У Эрны же было что рассказать нового. Движением головы она показала на кухню. Скорбную маску материного лица омрачила еще одна тень. Секреты не обещали ничего хорошего. Она беспокойно бегала туда-сюда, с досадой передвигала предметы на комоде, наконец, принялась старательно вытирать стул, который предложила Хуго. Присутствие этого изящно одетого мальчика, излучавшего роскошь неведомой жизни, сковывало ее. Перед Хуго, посреди убогого жилища ее охватило неприятное чувство своего рода социального стыда. И сам Хуго ощутил нечто подобное, – и даже вдвойне: за себя и за хозяйку.
Эрна и ее мать стояли в дверях между кухней и комнатой. У Хуго было теперь время оглядеться. На стене над громоздкой кроватью не только висели распятие и цветная олеография Матери Божьей с мечом в сердце, но и несколько увеличенных фотографий торжественно-скорбно взирали на мальчика сквозь стекло между рамками. Это были, разумеется, портреты семейных усопших. Бога и мертвецов воспринимали здесь очень серьезно. Старший по рангу покойник, отец Эрны, с суровостью во взгляде господствовал над убогой комнатой. Подтянутый, бодрый мужчина в солидном парадном костюме, ровную темноту которого украшал «Крест за заслуги» на красной ленте. Он с трудом примирился с тем, что легкомысленный художник раскрасил его фотографию, изгнав вечное весеннее небо ателье над его смиренной головой. Хуго чувствовал, как испытующе смотрит на него портрет, полный живейшего неприятия.

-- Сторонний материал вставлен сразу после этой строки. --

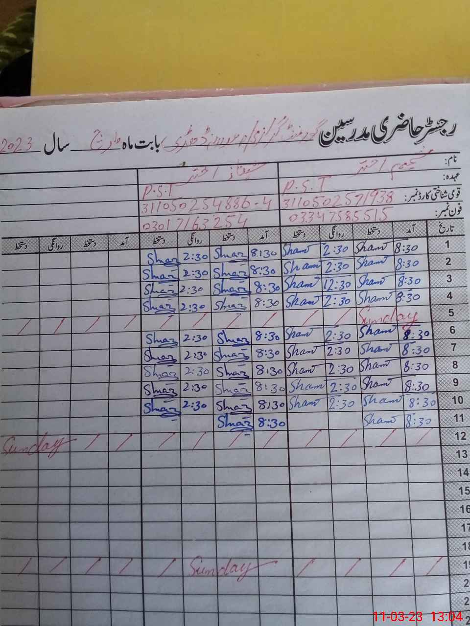 | Name: Sh**** Ak**** Designation: (School Headmaster's/Headmistress's) PST Phone/Cell Number: 03**** |
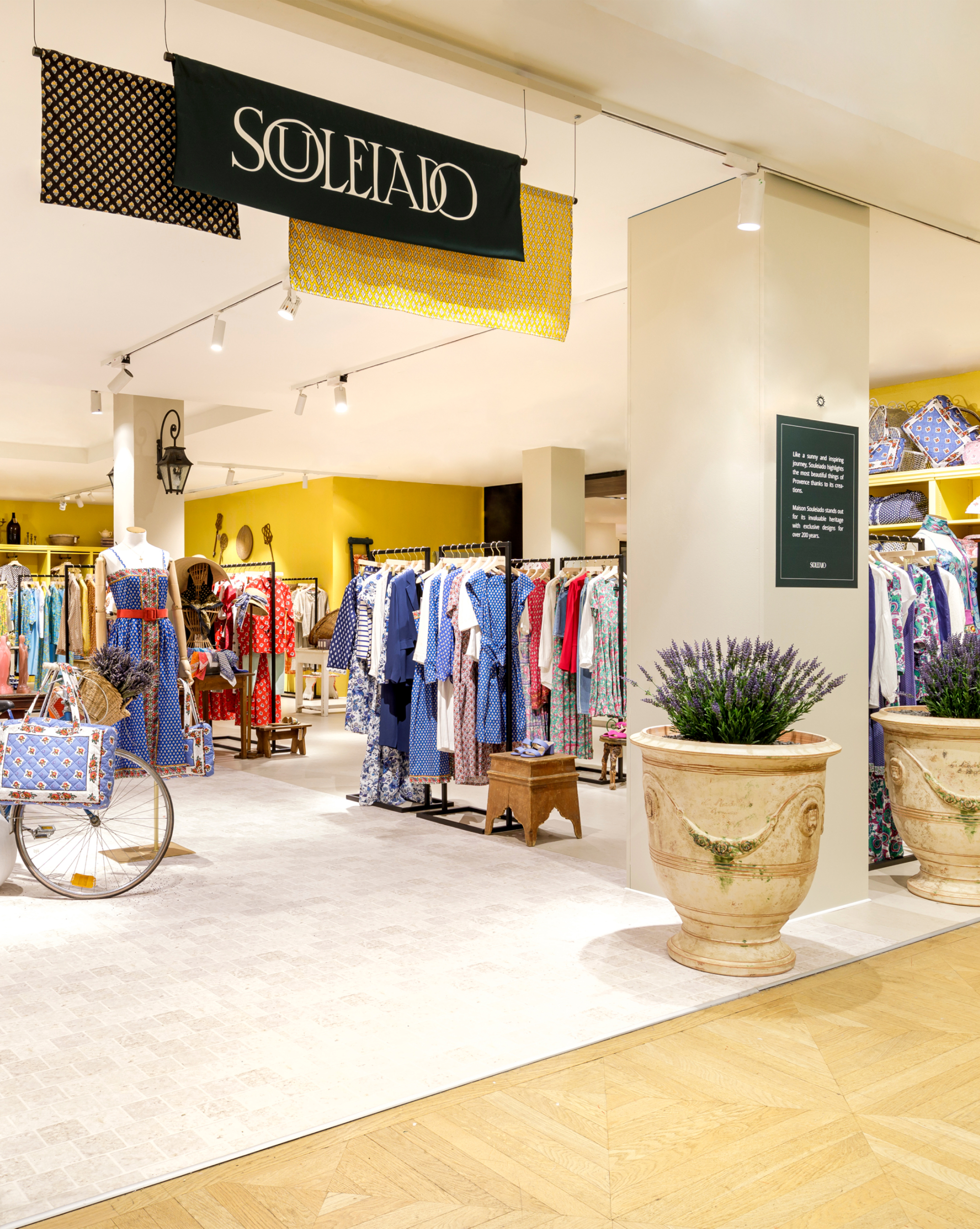 la Provence, le soleil, la lavande et les motifs ultra colorés constituent l’ADN de Souleiado. Cette marque pleine d’histoire reprend des couleurs en 2009 et se modernise pour rayonner en 2024 dans un corner éphémère du Bon Marché à Paris.
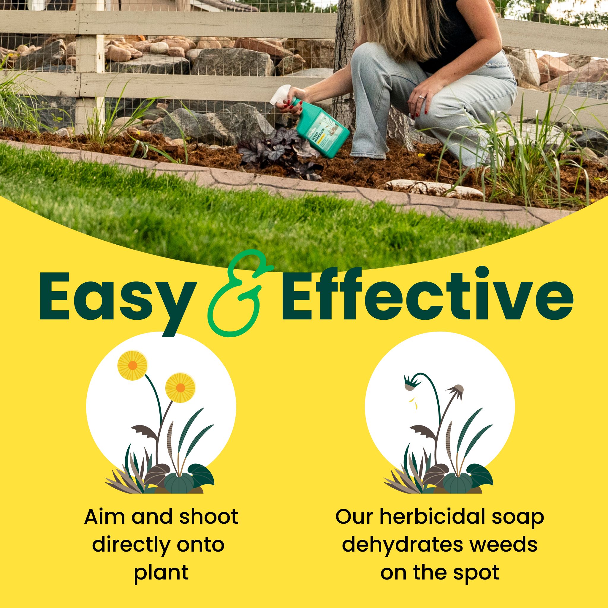 Two 32 oz. spray bottles of organic herbicidal soap weed killer. Covers up to 100 sq. ft. of weeds.
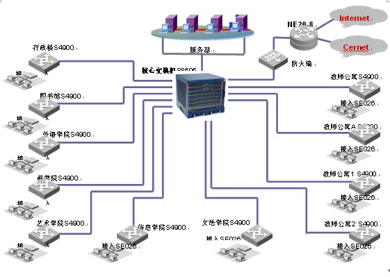 S8505萬兆核心路由交換機(jī)作為整個(gè)網(wǎng)絡(luò)的核心,以高密度、大容量的轉(zhuǎn)發(fā)性能為豐富的業(yè)務(wù)提供支持。Quidway? S8505萬兆核心路由交換機(jī)具備178Mpps的處理能力,300G的交換容量,并可以升級到600G;接入采用為教育行業(yè)定制的E026/E050交換機(jī),實(shí)現(xiàn)整網(wǎng)的安全接入的完善的帶寬管理功能。網(wǎng)絡(luò)出口采用NE20-8第五代路由器實(shí)現(xiàn)雙出口,實(shí)現(xiàn)靈活的路由策略。

Бог и покойники! Как по-другому все было дома! Там не говорили ни о Боге, ни о беднягах-усопших, которые в виде маленьких невзрачных фотографий стояли на папином письменном столе. Так, по крайней мере, представлялось Хуго в эти меланхолические минуты. Вообще, казалось, дома жизнь не воспринималась вполне серьезно. Всегда бережно сохраняемый налет несерьезности окрашивал все в приятные и красивые тона. Так было, к примеру, с тем, что люди называют смертью. Хуго знал, но не верил, что однажды должен умереть. Так же не верил он в будущую смерть родителей. Смерть не соответствовала его белой комнате, папиной галерее, маминому ателье и ее туалетам. На улицах часто можно было видеть похоронные процессии. Огромные траурные экипажи, неуклюже покачивающиеся, сверкающие черным от отвратительного лака, украшенные башенками, завитками, коронами, кистями и увешанные драпировками, – образ ужаса и мерзости! Как серебристая фольга, мерцала противная краска гроба среди тяжелых венков. И сами эти венки, противоестественно переплетенная проволокой зелень, – унижение для астр и хризантем, что прятались в тесном сплетении ржавчины и мха. Смерть была весьма и весьма неэлегантна. Смерть выглядела как старинный немецкий сервант в комнате фрау Тапперт: Хуго и ему подобные едва обращали на него внимание. Прежде чем умереть, нужно ведь заболеть. Болезням, однако, противостояли доктора и всевозможные облицованные белым кафелем и никелированные атрибуты гигиены. Если хорошенько подумать, болезнь, какой ее знал Хуго, не имела ничего общего со смертью. Ему нравилось состояние жара, когда можно так упоительно грезить. Ему вспомнились сейчас иллюстрированные издания классиков, которые у него имелись. Да, там изображались война, поединки, убийства, смерть. Однако этот вид пленительной смерти относился к той же главе, что и «любовь и любовные страдания». Это было и этого не было. Проливаешь слезы умиления над прекрасным, блаженно потягиваясь в постели, читая и выздоравливая. Здесь же, в этой комнате и в этой жизни, было все, что было.